Asosiasi Suporter Sepak Bola Inggris bahkan menyebut harga tiket final Piala Dunia 2026 sebagai “tamparan di muka” bagi para pendukung setia yang selama ini mengikuti tim nasional mereka ke berbagai turnamen.
Hingga berita ini diturunkan, FIFA belum memberikan pernyataan resmi terkait gelombang protes tersebut.
Harga Tiket Ditentukan Popularitas Tim
Menariknya, FIFA juga menerapkan sistem baru dalam penentuan harga tiket fase grup. Tidak seperti edisi sebelumnya yang menggunakan harga tetap, kini harga tiket ditentukan berdasarkan tingkat popularitas tim.

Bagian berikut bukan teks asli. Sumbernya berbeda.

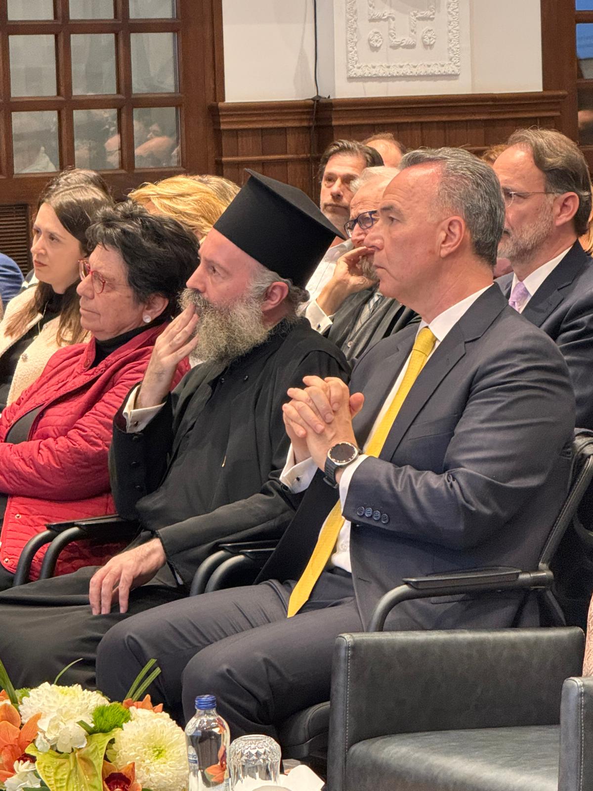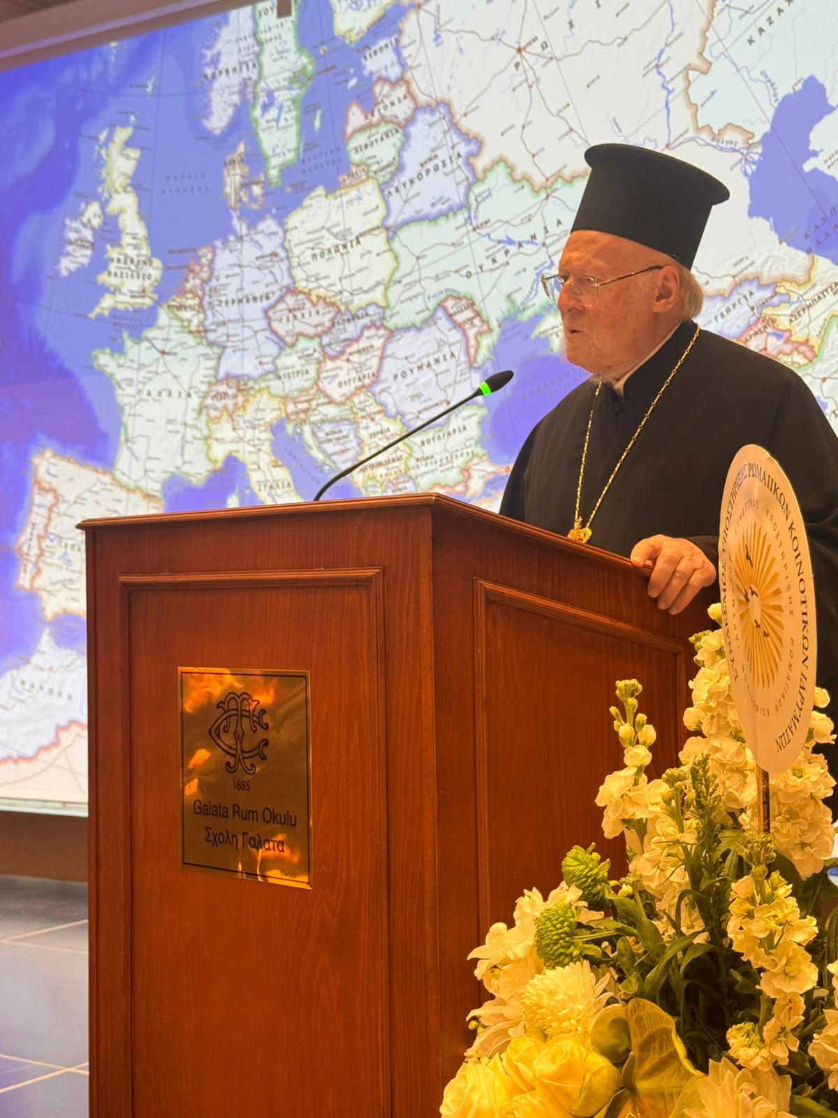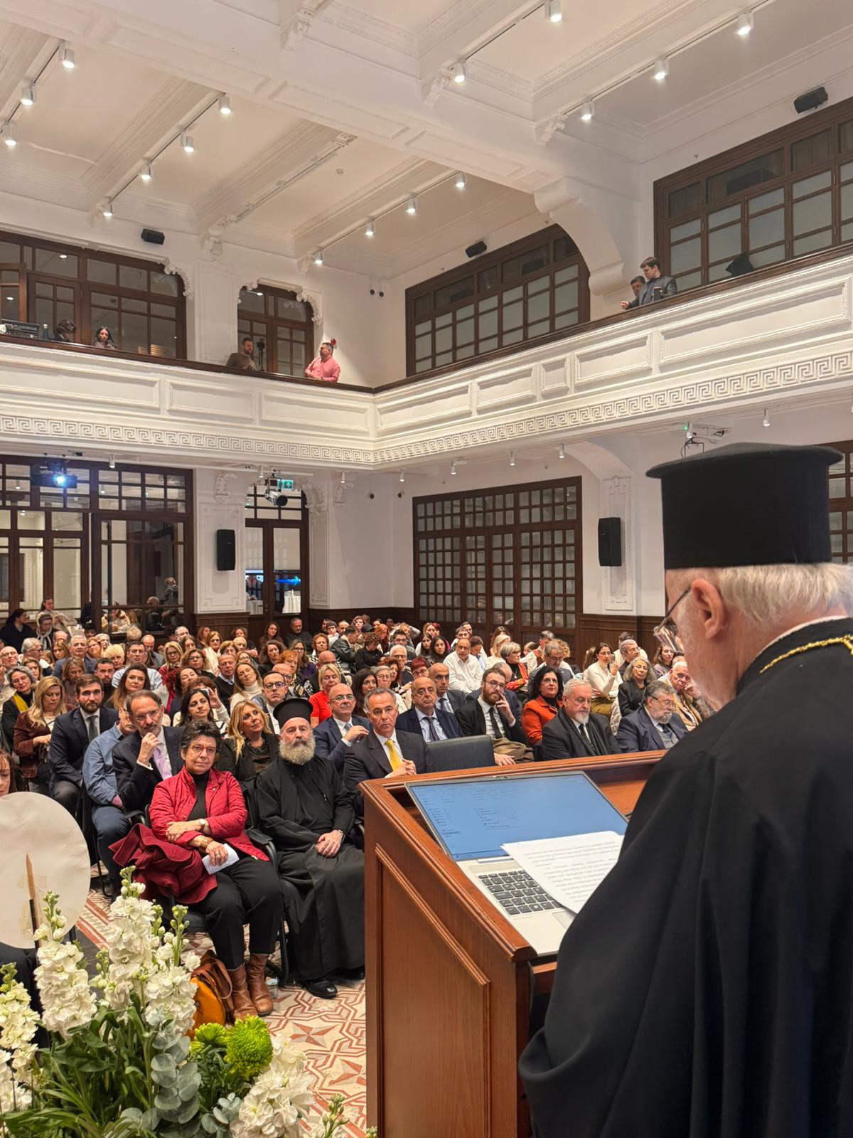 Λαμβάνοντας το λόγο ο Οικουμενικός Πατριάρχης κ. Βαρθολομαίος, συνεχάρη τον κύριο Κούτρα για την πρωτοβουλία της εκδήλωσης, και αναφέρθηκε στη σημασία της ελληνικής γλώσσας, της γλώσσας του Ομήρου και της Σαπφούς, των φιλοσόφων και των τραγικών, της Καινής Διαθήκης και των Πατέρων της Εκκλησίας, της Θείας Λειτουργίας και της υμνολογίας. «Τιμούμε τη μητρική γλώσσα του πνεύματος» η οποία προσέφερε πάμπολα και ανεκτίμητα στον παγκόσμιο πολιτισμό στα γράμματα και τις επιστήμες, επισήμανε χαρακτηριστικά ο Παναγιώτατος.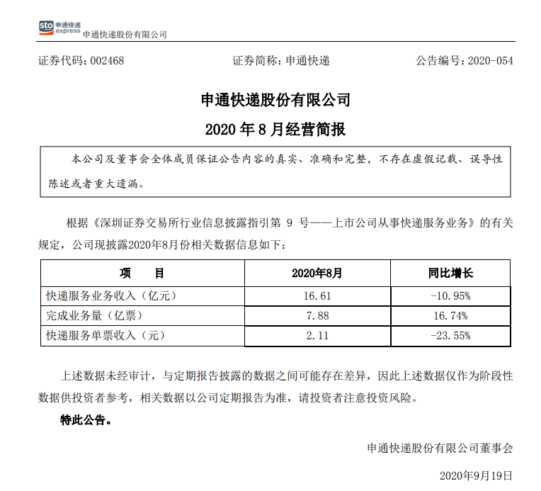 申通快递发布《2020 年8月经营简报》,该简报显示,8月,公司实现快递服务业务收入16.61亿元,同比减少10.95%;完成业务量7.88亿票,同比增长16.74%;快递服务单票收入2.11元,同比减少23.55%。

Akibatnya, suporter Inggris harus membayar tiket lebih mahal dibandingkan pendukung Skotlandia. Namun, FIFA belum menjelaskan secara rinci bagaimana metode pengukuran popularitas tersebut dilakukan.
Sebagai contoh:
-
Tiket laga Inggris vs Kroasia dibanderol mulai 198 pounds (Rp 4,4 juta) hingga 523 pounds (Rp 11,6 juta).
-
Pertandingan Inggris vs Ghana dijual di kisaran Rp 3,6 juta–Rp 9,9 juta.
-
Sementara laga awal Skotlandia vs Haiti dan Maroko hanya dibanderol mulai Rp 2,9 juta.
Biaya Nonton Bisa Tembus Rp 275 Juta
Untuk fase gugur, harga tiket pun tak kalah mencengangkan. Tiket perempat final berada di kisaran Rp 11,3 juta–Rp 24 juta, sementara semifinal dijual mulai Rp 15,2 juta hingga Rp 52,6 juta.
Jika seorang suporter ingin menonton seluruh delapan pertandingan tim nasionalnya dari fase grup hingga final, ia harus menyiapkan dana minimal Rp 116,4 juta dan bisa membengkak hingga Rp 275,3 juta, tergantung kategori tiket.
Baca Juga
Sebagai perbandingan, di Piala Dunia 2022 Qatar, biaya menonton tujuh pertandingan hanya berkisar Rp 32,6 juta–Rp 87,2 juta.
Keluh Kesah Suporter
Sejumlah suporter menyampaikan kekecewaannya secara terbuka. Luke Buxton, pendukung timnas Inggris, mengaku merasa dikhianati.
“Ini benar-benar keterlaluan. Kami merasa dikhianati sebagai suporter setia,” ujarnya kepada BBC Radio 5 Live.